Task inputs ->
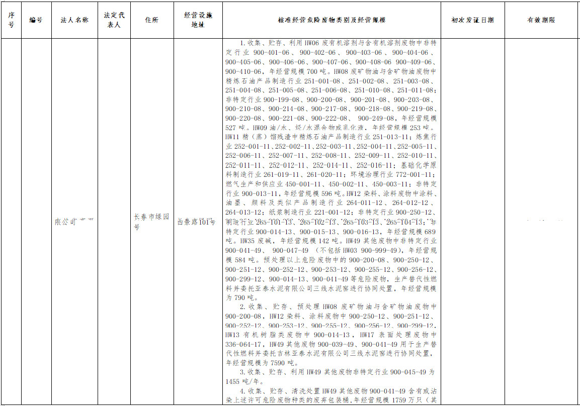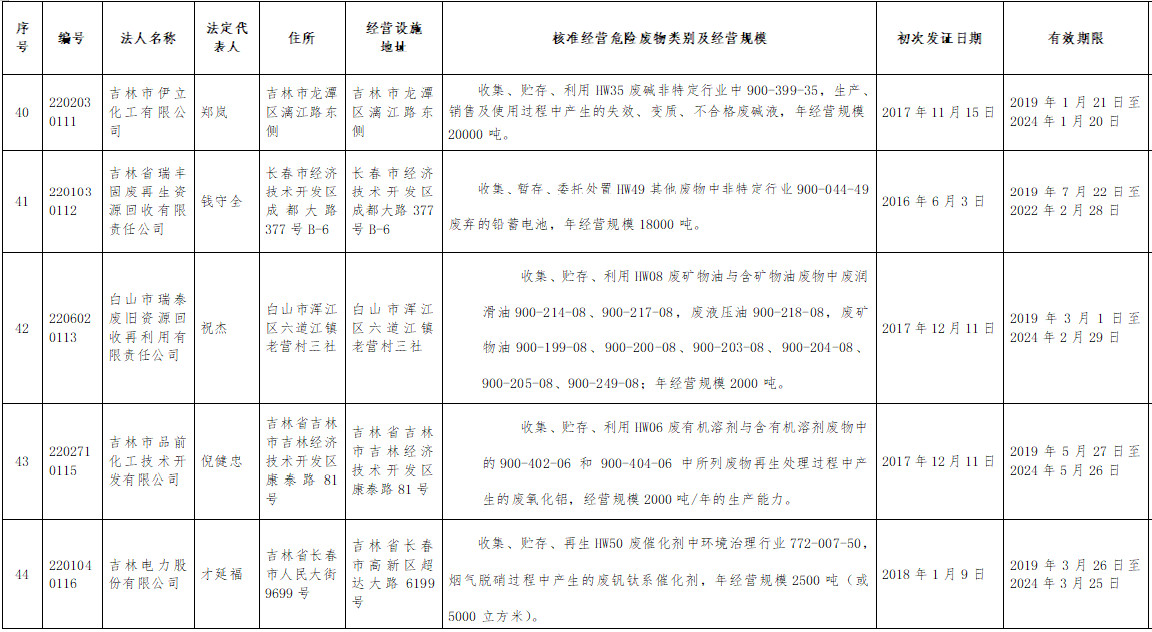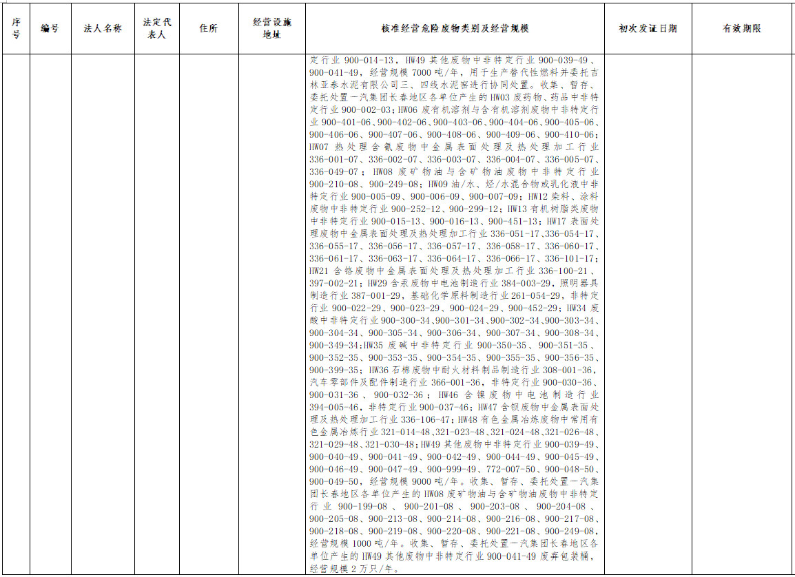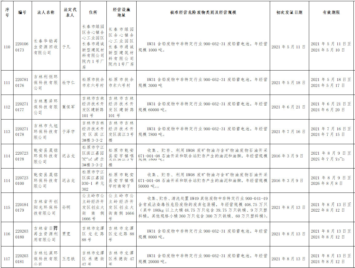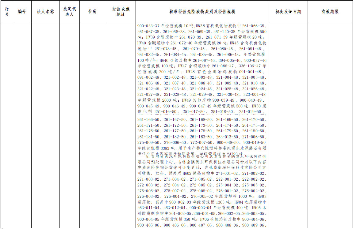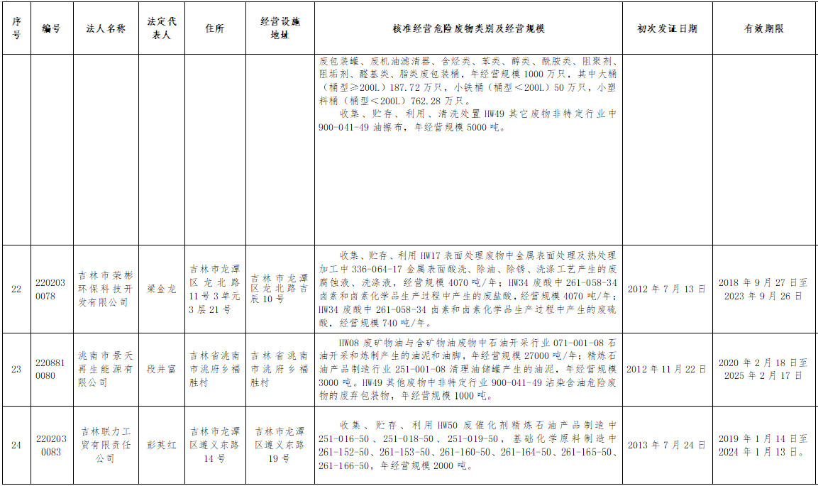 吉林省危險廢物經(jīng)營許可證持證企業(yè)名單(2021年10月更新)
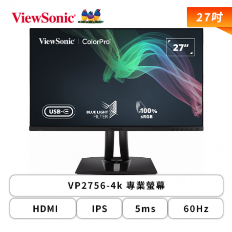 【27型】ViewSonic 優派 VP2756-4k 專業螢幕 (DP/HDMI/Type-C(60W)/IPS/4K/5ms/Delta E < 2/100% sRGB/可升降/可旋轉/內建喇叭/一年無亮點/五年保固)
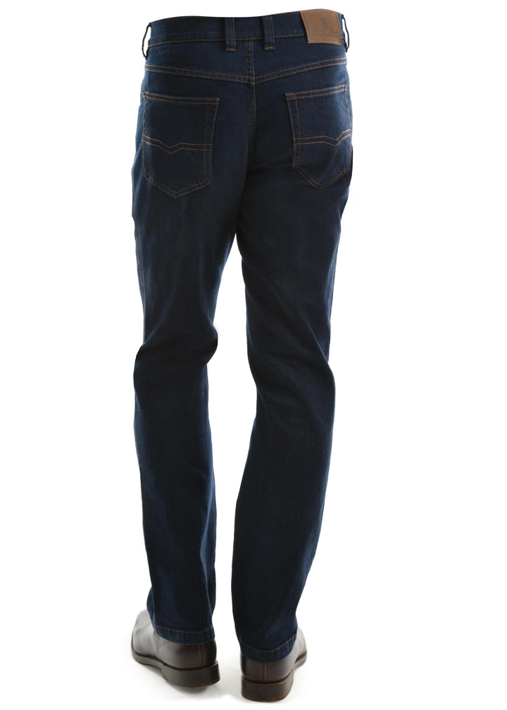 Features: New 5 pocket comfort waist jean style with added wool, dark wash with contrast top stitching, twin back belt loops, rust proof metal accessories, YKK zipper, double stitched for strength, stretch for comfort
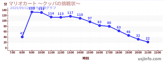 • マリオカート ~クッパの挑戦状~$B$N(B2025年09月12日の待ち時間
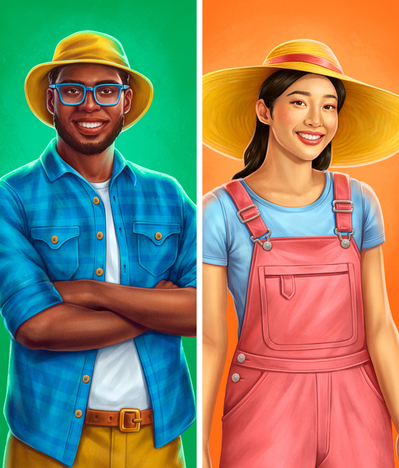 We reimagined Market Fresh with a refreshed illustration style that elevates the gameplay experience while staying approachable and cozy. Our team developed a painterly cover illustration to set the tone, designed and illustrated the four farmer characters, and created custom game boards conceived as individual market stalls. The cohesive visual system supports clarity, strategy, and playful competition—helping the game stand out on shelf and at the table.
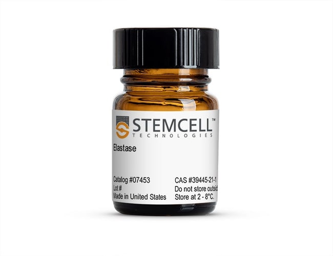 Elastase is a serine protease consisting of a single polypeptide chain of 240 amino acid residues and contains four disulfide bridges (Shotton Hartley). Elastase is synthesized as a zymogen (proelastase) and is converted to the active form by limited trypsin proteolysis at its N-terminal. Elastase preferentially cleaves the peptide bond of C-terminal neutral non-aromatic amino acid residues (Schellenberger et al.). Elastase is frequently used in combination with other proteases such as collagenase and trypsin to digest fibrous tissues because of its ability to digest native elastin.
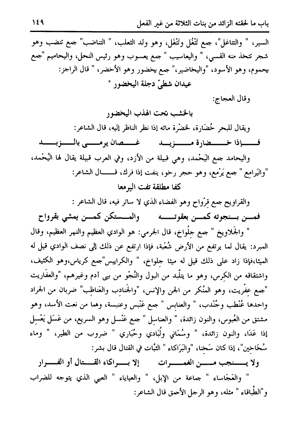 السير، " والتتاغل "، جمع تتغل وتتغل، وهو ولد الثعلب، " التناضب " جمع تنضب وهو شجر تتخذ منه القسي، " واليعاسيب " جمع يعسوب وهو رئيس النحل، واليحاميم " جمع يحموم، وهو الأسود، " واليخاضير، " جمع يخضور وهو الأخضر، " قال الراجز:

Exercise description ->
The line containing "Elastase is a" marks the end; please output exactly the lines of the listing above from its first line through that line, without pictures.

Written answer ->
 吉林省危險廢物經(jīng)營許可證持證企業(yè)名單(2021年10月更新)
 【27型】ViewSonic 優派 VP2756-4k 專業螢幕 (DP/HDMI/Type-C(60W)/IPS/4K/5ms/Delta E < 2/100% sRGB/可升降/可旋轉/內建喇叭/一年無亮點/五年保固)
 Features: New 5 pocket comfort waist jean style with added wool, dark wash with contrast top stitching, twin back belt loops, rust proof metal accessories, YKK zipper, double stitched for strength, stretch for comfort
 • マリオカート ~クッパの挑戦状~$B$N(B2025年09月12日の待ち時間
 We reimagined Market Fresh with a refreshed illustration style that elevates the gameplay experience while staying approachable and cozy. Our team developed a painterly cover illustration to set the tone, designed and illustrated the four farmer characters, and created custom game boards conceived as individual market stalls. The cohesive visual system supports clarity, strategy, and playful competition—helping the game stand out on shelf and at the table.
 Elastase is a serine protease consisting of a single polypeptide chain of 240 amino acid residues and contains four disulfide bridges (Shotton Hartley). Elastase is synthesized as a zymogen (proelastase) and is converted to the active form by limited trypsin proteolysis at its N-terminal. Elastase preferentially cleaves the peptide bond of C-terminal neutral non-aromatic amino acid residues (Schellenberger et al.). Elastase is frequently used in combination with other proteases such as collagenase and trypsin to digest fibrous tissues because of its ability to digest native elastin.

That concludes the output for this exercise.